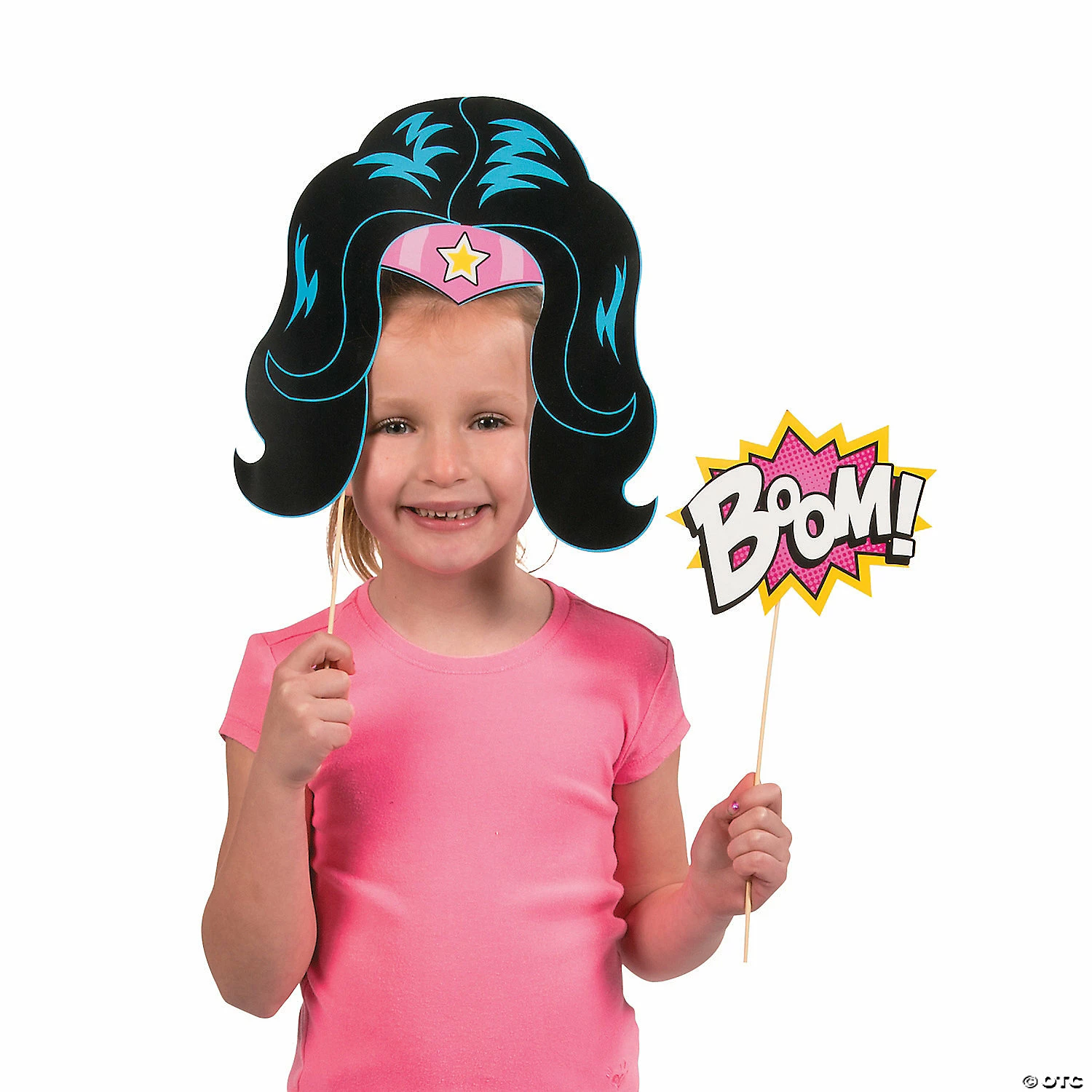 Snap some fun pics during your superhero girl party with these paper photo stick props. Featuring masks and superhero sayings, set these photo booth props out for guests to pick up and enjoy throughout your party. Each prop is on a 12″ wooden stick. Paper. 5 1/4″ – 10 1/4″ x 2″ – 10 1/4″ © OTC
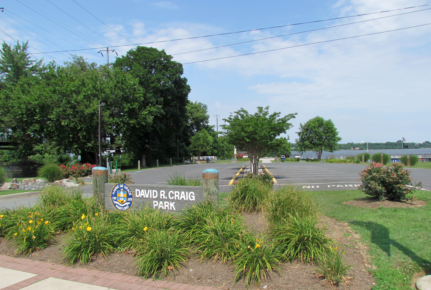 That one-acre Park was created in 2009 by a group of volunteers who spent many hours clearing debris and brush (as well as poison ivy!) away to create this waterfront park in honor of life-long resident, David Craig. They gave kudos to Vulcan Materials for the donation of granite that lines the shoreline, and Aldino Sod Farm for the donation of sod for the lower half of the park. David Craig was also a Havre de Grace Mayor and a Harford County Executive who now works for the State of Maryland. More recently, a level two CT 4000 ChargePoint Electric Vehicle Charging Station was installed in the parking area.
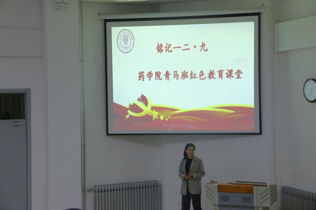 “回首三五当年,霜林荡雪,起万千勇士”。为重温历史,纪念一二九精神,激发同学们的爱国热忱,弘扬爱国主义精神,增强同学们的责任感与使命感。12月9日晚上,药学院团总支在医学综合实验楼A132教室开展青马班“铭记一二·九”红色教育课堂,本次活动由药学院团总支彭曼曼老师主持,药学院青马班全体学员参加活动。
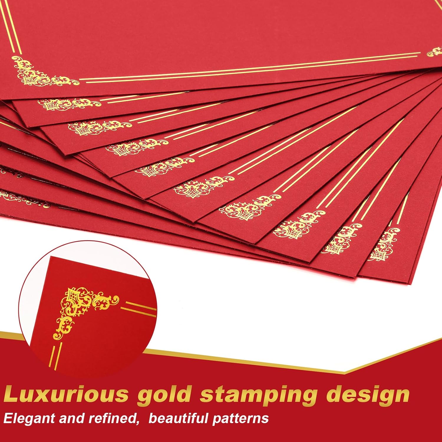 - Classic and Professional Look: Elegant gold foil on the front and solid red on the back for a formal and easily distinguishable front and back document cover; Ideal for presentations, award ceremonies, summer camps and other important occasions
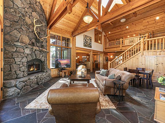 Arrive via a gently sloping driveway with parking for up to three cars outside and two more in the spacious garage, where you'll also find a ping pong table for off-slope entertainment. A wide, wood-framed front door welcomes you into a striking entryway with exposed wood beams, vintage artwork, and tree-trunk banisters that set the tone for this elegant alpine getaway. Natural light pours in through skylights, highlighting the soaring ceilings and warm finishes throughout the home.
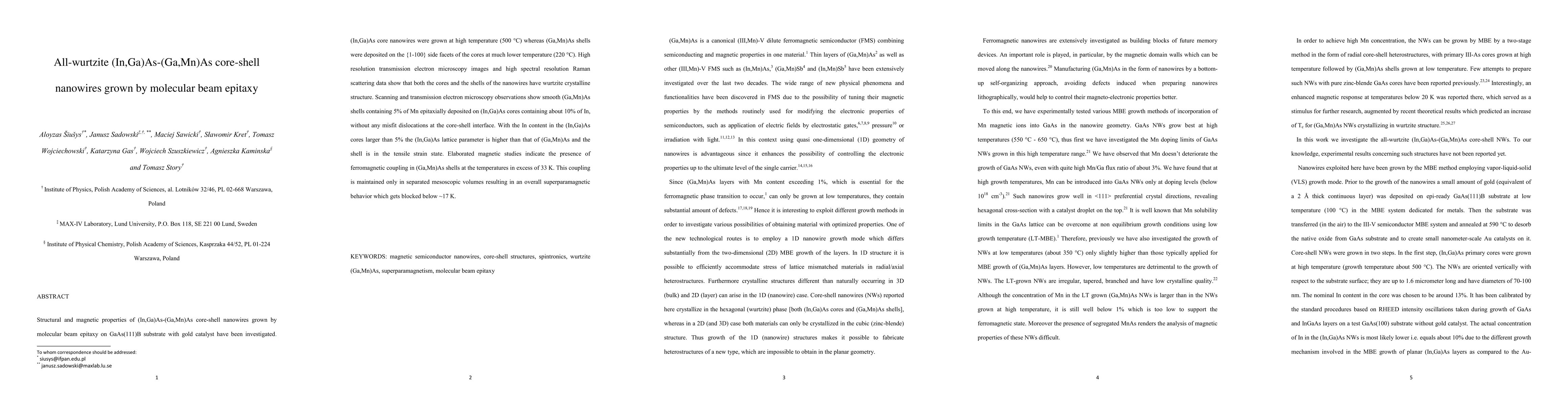 Structural and magnetic properties of (In,Ga)As-(Ga,Mn)As core-shell nanowires grown by molecular beam epitaxy on GaAs(111)B substrate with gold catalyst have been investigated.(In,Ga)As core nanowires were grown at high temperature (500 {\deg}C) whereas (Ga,Mn)As shells were deposited on the {1-100} side facets of the cores at much lower temperature (220 {\deg}C). High resolution transmission electron microscopy images and high spectral resolution Raman scattering data show that both the cores and the shells of the nanowires have wurtzite crystalline structure. Scanning and transmission electron microscopy observations show smooth (Ga,Mn)As shells containing 5% of Mn epitaxially deposited on (In,Ga)As cores containing about 10% of In, without any misfit dislocations at the core-shell interface. With the In content in the (In,Ga)As cores larger than 5% the (In,Ga)As lattice parameter is higher than that of (Ga,Mn)As and the shell is in the tensile strain state. Elaborated magnetic studies indicate the presence of ferromagnetic coupling in (Ga,Mn)As shells at the temperatures in excess of 33 K. This coupling is maintained only in separated mesoscopic volumes resulting in an overall superparamagnetic behavior which gets blocked below ~17 K.
______________________________
Task requirements:
Begin at the first line of the entries and end at the line containing "- Classic and": write out each line exactly, skipping pictures.

Written solution:
 Snap some fun pics during your superhero girl party with these paper photo stick props. Featuring masks and superhero sayings, set these photo booth props out for guests to pick up and enjoy throughout your party. Each prop is on a 12″ wooden stick. Paper. 5 1/4″ – 10 1/4″ x 2″ – 10 1/4″ © OTC
 That one-acre Park was created in 2009 by a group of volunteers who spent many hours clearing debris and brush (as well as poison ivy!) away to create this waterfront park in honor of life-long resident, David Craig. They gave kudos to Vulcan Materials for the donation of granite that lines the shoreline, and Aldino Sod Farm for the donation of sod for the lower half of the park. David Craig was also a Havre de Grace Mayor and a Harford County Executive who now works for the State of Maryland. More recently, a level two CT 4000 ChargePoint Electric Vehicle Charging Station was installed in the parking area.
 “回首三五当年,霜林荡雪,起万千勇士”。为重温历史,纪念一二九精神,激发同学们的爱国热忱,弘扬爱国主义精神,增强同学们的责任感与使命感。12月9日晚上,药学院团总支在医学综合实验楼A132教室开展青马班“铭记一二·九”红色教育课堂,本次活动由药学院团总支彭曼曼老师主持,药学院青马班全体学员参加活动。
 - Classic and Professional Look: Elegant gold foil on the front and solid red on the back for a formal and easily distinguishable front and back document cover; Ideal for presentations, award ceremonies, summer camps and other important occasions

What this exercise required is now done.